II. Cuando los que permanecen nos forman
Esta sección puede parecer similar a la anterior, pero hay una diferencia crucial. Antes hablábamos de cómo nuestra práctica clínica se construye sobre quienes permanecen y cómo eso puede sesgar nuestra percepción. Ahora nos centramos en cómo interpretamos subjetivamente la permanencia y el éxito terapéutico, convirtiéndolos en una fuente de ilusión personal. Porque con el tiempo, no sólo edificamos nuestra práctica con quienes se quedan, sino también nuestra identidad profesional, y aunque esto es natural, es esencial reconocer que nuestra eficacia en psiquiatría está compuesta por muchas variables, siendo nuestra intervención apenas una de ellas.
No es fácil sostener la incertidumbre clínica. Por eso, cuando algo funciona, rápidamente lo interpretamos como una confirmación personal: el paciente mejora, vuelve, agradece, y nosotros inevitablemente sentimos orgullo. Es ahí donde nace la ilusión.
Así, nuestra consulta se llena progresivamente de pacientes que coinciden con nuestra manera de trabajar. El terapeuta cálido atrae a quienes buscan contención emocional; el estructurado, a quienes necesitan orden; el intervencionista, a quienes requieren decisiones rápidas; el pragmático, a quienes buscan resultados concretos, etc. Se crea entonces un círculo virtuoso, pero a veces también narcisista, que genera una retroalimentación favorable constante.
Sin embargo, sucede algo más profundo: los pacientes no sólo nos eligen, también nos moldean. Su permanencia o rechazo, confianza o silencio, determinan nuestras decisiones clínicas, nuestro estilo y hasta nuestra personalidad profesional. Al final, no sólo somos quienes construimos la práctica, somos en gran medida producto de quienes se quedaron.

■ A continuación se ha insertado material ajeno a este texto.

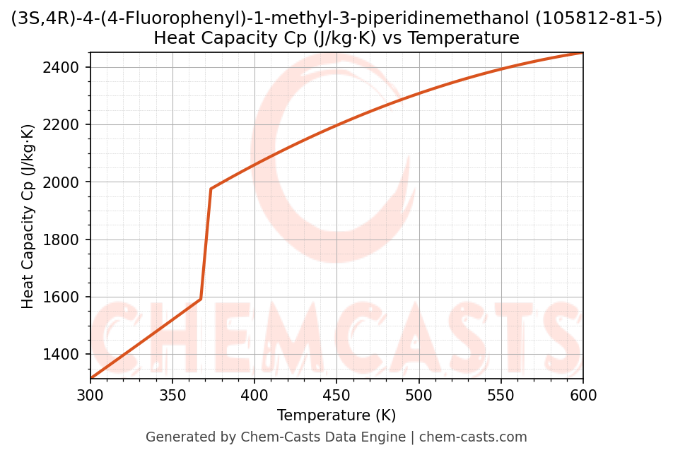 - Specific heat capacity (Cp) indicates the amount of energy required to raise the temperature of (3S,4R)-4-(4-Fluorophenyl)-1-methyl-3-piperidinemethanol and is critical for energy balance and heat-exchanger design.

Por eso hablamos de ilusión: porque confundimos permanencia con éxito, afinidad con eficacia y agradecimiento con certeza clínica. No porque no hagamos bien nuestro trabajo, sino porque a veces creemos hacerlo por las razones equivocadas.
III. Los que no vuelven
Y sin embargo, en ese silencio que dejan los que no vuelven, hay un eco de su presencia. Su ausencia en nuestra consulta no es un vacío, sino el escenario de una historia que continúa sin nosotros como testigos. Son ellos los protagonistas de su propio camino, cargando a solas o con alguien más su roca, esa que por un instante intentamos ayudarles a empujar. Tal vez nuestra intervención fue solo un respiro en la orilla, un empuje fallido o un cambio de postura. Pero la roca sigue ahí, y ellos, a su manera, la siguen subiendo. Son como Sísifo, no condenados por los dioses, sino impulsados por una necesidad interna de buscar la cima de una montaña que quizá no exista o , por lo menos, no existió con nosotros. Su partida de nuestra práctica no es una rendición, sino la continuación de su búsqueda en otros términos, bajo otras luces y otras personas, o quizá en la oscuridad más completa.
En ese esfuerzo solitario yace una forma de dignidad que se nos escapa. Es ahí donde debemos imaginarnos a Sísifo feliz2; no porque el absurdo de su tarea haya desaparecido, sino porque la ha hecho suya. Su victoria no reside en una cura que nosotros podamos certificar, sino en la autonomía de su lucha, en el acto mismo de seguir empujando. Si lo vemos así, su silencio deja de ser solo un misterio para nosotros y se convierte en una enseñanza. Nos muestra los límites de nuestra intervención y la frontera de nuestra soberbia. Aceptar el vacío que dejan, sin llenarlo con la fantasía de nuestro éxito o la culpa de nuestro fracaso, es el verdadero desafío. Ese es nuestro propio viaje como psiquiatras y terapeutas: aprender a tolerar la pregunta abierta, la historia sin final conocido. Quizá esa es, al final, nuestra propia roca que empujar cada día en la consulta.
Quería mencionar entre todas esas alternativas que también no vuelven porque hicimos daño, pero soy un firme creyente que conscientemente un psiquiatra jamás lo haría.
Camus, A. (2004). El mito de Sísifo, trad. Esther Benítez. Madrid: Alianza.